4.1.  Server-centric Enforcement

   Enterprises need cryptographic proof that workloads run only on
   approved hosts within an approved geographic boundary, and that data
   flows only between approved boundaries.

   *  *Workload-to-workload (general):* Relying parties accept workload
      identities only when the issuing host attests platform integrity
      and "in-zone" residency, preventing credentials from being used
      outside the approved boundary.

   *  *Agentic AI workloads:* An AI agent may access sensitive data or
      perform sensitive actions only when its Workload Identity Agent
      presents hardware-rooted integrity evidence and a verifiable "in-
      zone" proof (optionally privacy-preserving), binding identity to
      both platform state and residency.

   *  *Federated / edge AI (key or model release):* High-value artifacts
      (e.g., decryption keys or model weights in federated learning) are
      released only when the partner/edge host attests it is integral
      and resident within the required boundary.  This is useful for
      intermittently connected sites.

   *  *User-to-server:* Clients validate that the server endpoint is
      operating within an approved boundary (e.g., by policy tied to the
      server's attested identity and residency evidence).

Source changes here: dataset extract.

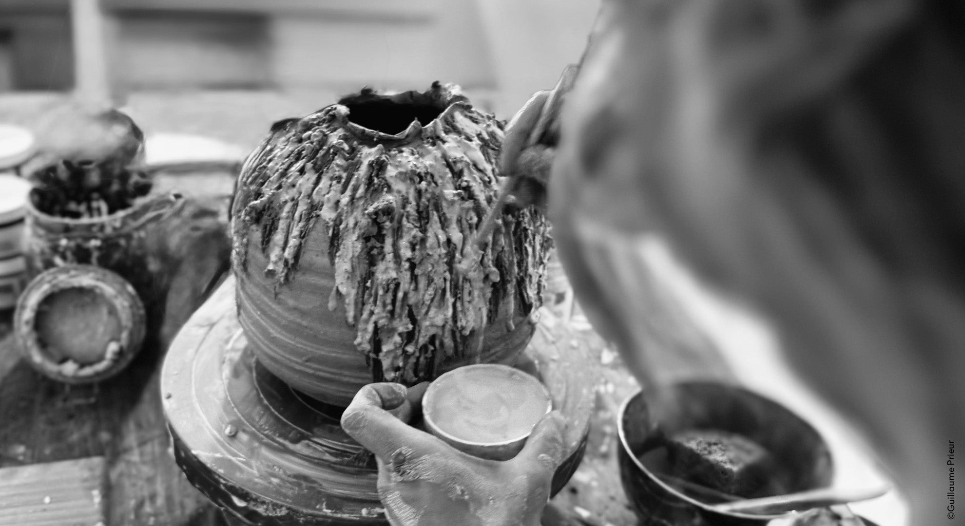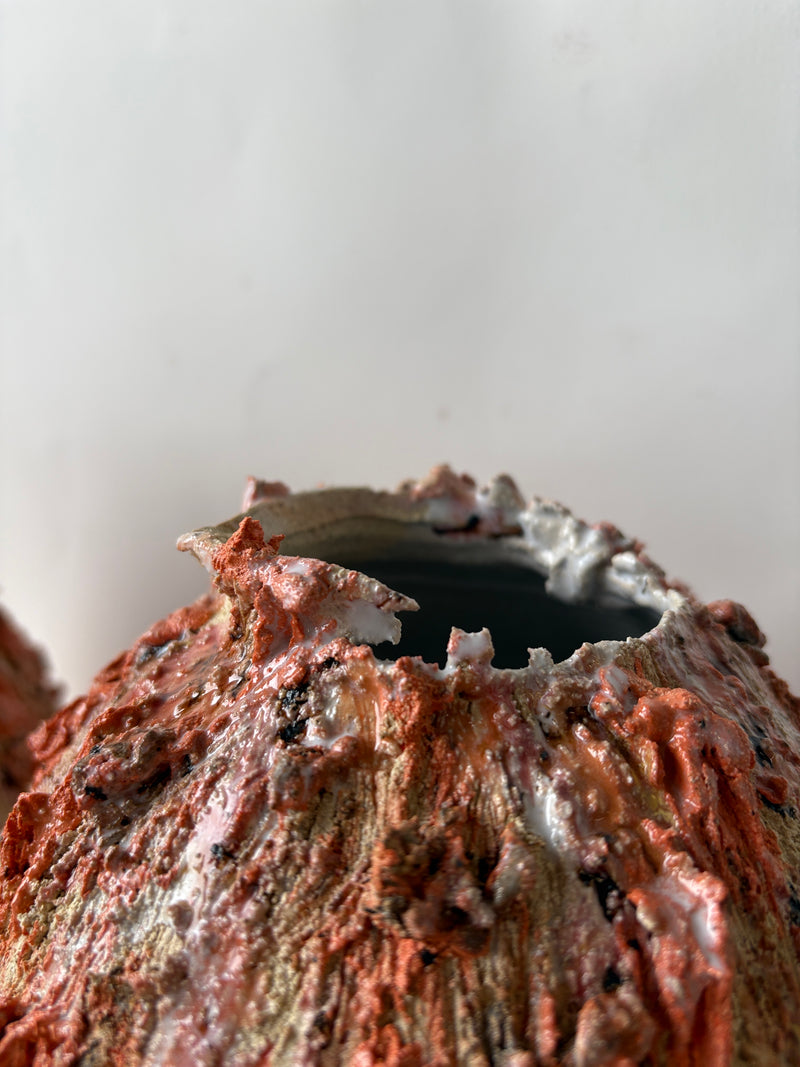 The name of this collection perfectly reflects the joyful thrills experienced during the creation and discovery of the pieces, at the moment they emerge from the kiln. The work with material and textures on these wheel-thrown forms—somewhere between the Japanese Tsubo and the Korean Moon Jar—marks the starting point of this creative exploration, guided above all by a simple yet essential principle: following one’s joy.
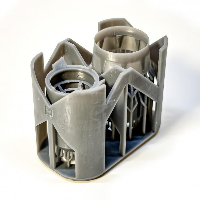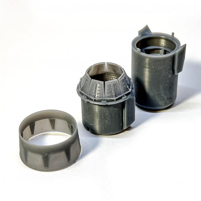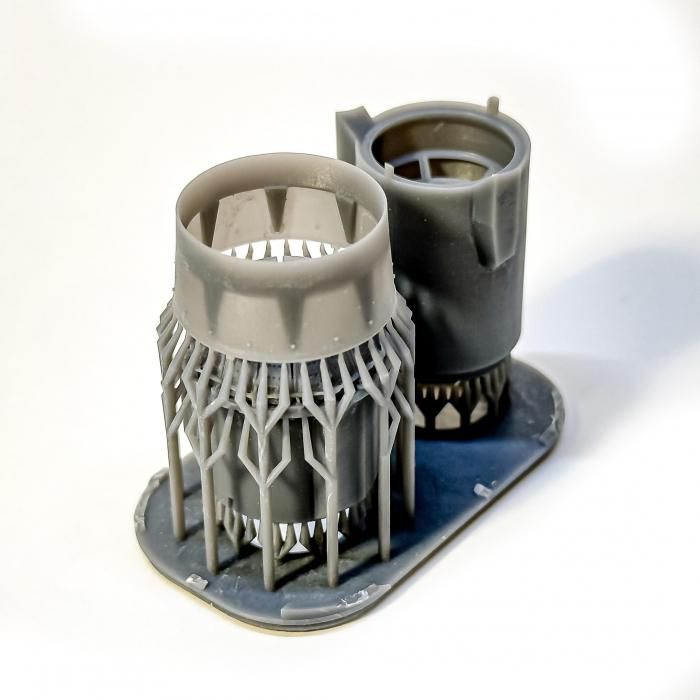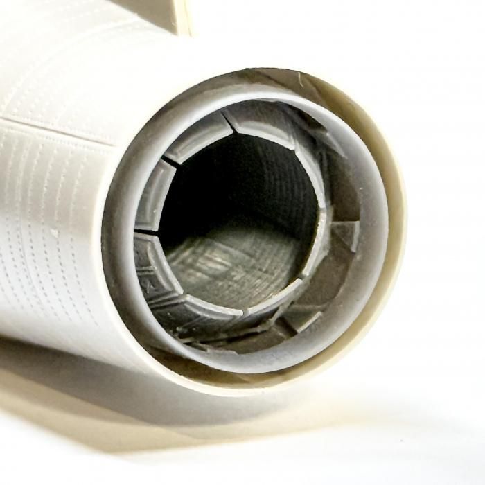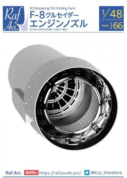 F-8はJ57-P-20エンジンを搭載しており、プラット・アンド・ホイットニー社ではJT3Cの名称で呼ばれています。資料を確認すると、ノズルのアイリスを覆うカバー部分には3種類ほどの形状があるようですが、本パーツではF-8E/Jに搭載された、アイリスが前方に収まる円筒形状を再現しています。アイリス自体は全閉に近い状態で表現し、オグメンタのパイプやフレームホルダーも忠実にモデリングしました。ハセガワ1/48 F-8E/Jキットに無加工で装着可能な形状・サイズで設計しており、胴体貼り合わせ後でも胴体後端から差し込むことができます。

4.2.  User-centric Enforcement

   Enterprises may also need trustworthy location signals for user-
   facing access decisions.

   *  *Geofenced access control:* User access is permitted only when the
      user (or user device) proves it is within an allowed boundary,
      ideally without requiring precise location disclosure.

   *  *On-premises boundaries:* Customer-premises equipment can define
      an enterprise boundary, with a network or enterprise
      infrastructure providing supporting evidence for policy
      enforcement.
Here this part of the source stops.